While dining at Francescana, I was completely enthralled by the food. Yet, my mind kept wandering to the World Cup game in which the U.S. was playing. I asked our server if he knew the score, and he just nodded his head affirmatively and walked away. A couple of moments later, our captain walked by and discreetly handed me a folded piece of paper. I opened up the note, and there, written in perfect handwriting, was: “US: 1 – Ghana: 1.”
It was baller in the most elevated sense of the word.
This take on the Italian staple was sleek yet soulful. With it we drank Nebiolo, a grape that is, as mentioned earlier, almost synonymous with Barolo. Only, this wine wasn’t from Piedmont, but from Lombardy’s alpine region near the Swiss border. I expected this to be accessible at an earlier age than a Barolo, but I was wrong. It was enjoyable, but tannic and tight. You could almost hear it begging to be put away in a cold cellar for a few years.
Our final savory course was braised short ribs with a red wine reduction and polenta — a staple of northern Italy and Veneto in particular. The real star of this course was the wine — another by Guiseppe Quintarelli. His Classico Superiore was complex, rich, and tasty.

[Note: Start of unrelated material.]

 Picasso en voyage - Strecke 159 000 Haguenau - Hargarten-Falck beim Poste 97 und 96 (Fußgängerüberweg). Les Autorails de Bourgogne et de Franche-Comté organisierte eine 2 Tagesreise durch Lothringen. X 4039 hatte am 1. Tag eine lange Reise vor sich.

Our last wine of the evening, before moving to espresso, was a Passito from Veneto. This is an Italian dessert wine made via a process known as appassimento, which involves drying the grapes in the sun to concentrate their flavors and sweetness. With it we had homemade gelato, flavored with the Quintarelli olive oil and accompanied by 25 year old balsamic vinegar— the last drops from a bottle I bought during that World Cup summer of 2014. The creamy yet light gelato took me back to that initial trip to Europe, when I first laid eyes on this Italian treat. At that point in my life, I had never even heard of gelato, and I was completely blown away that there was this whole other genre of ice cream. Looking back, I think it was the only real Italian “meal” I had that entire trip.

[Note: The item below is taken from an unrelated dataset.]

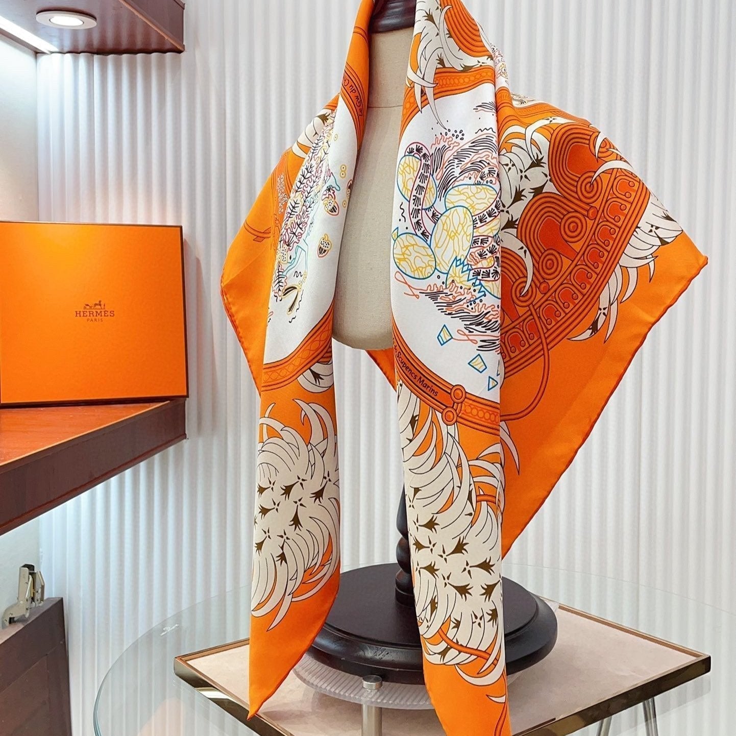 Legende Brodee Scarf 90 CM In Orange Colorful Silk Twill 300423

I’ve been to Italy a few times since that magical summer, eating at a few bucket-list restaurants along the way. But, those aren’t the moments I remember most fondly. For me, and I’m sure I’m not alone here, traveling is about the experiences, and the thing with experiences is that, no matter how hard you try, you can’t really plan them. Who would have predicted that my all time favorite culinary moments in Italy would involve asking a waiter the score of a game, or cooking a box of American spaghetti? Do I regret not bringing a camera on that first trip? A little. But I don’t need a photo to remind me how much fun Elliot and I had cooking those supermarket noodles, and I don’t think a pic of us boiling water would be that instagrammable, anyway.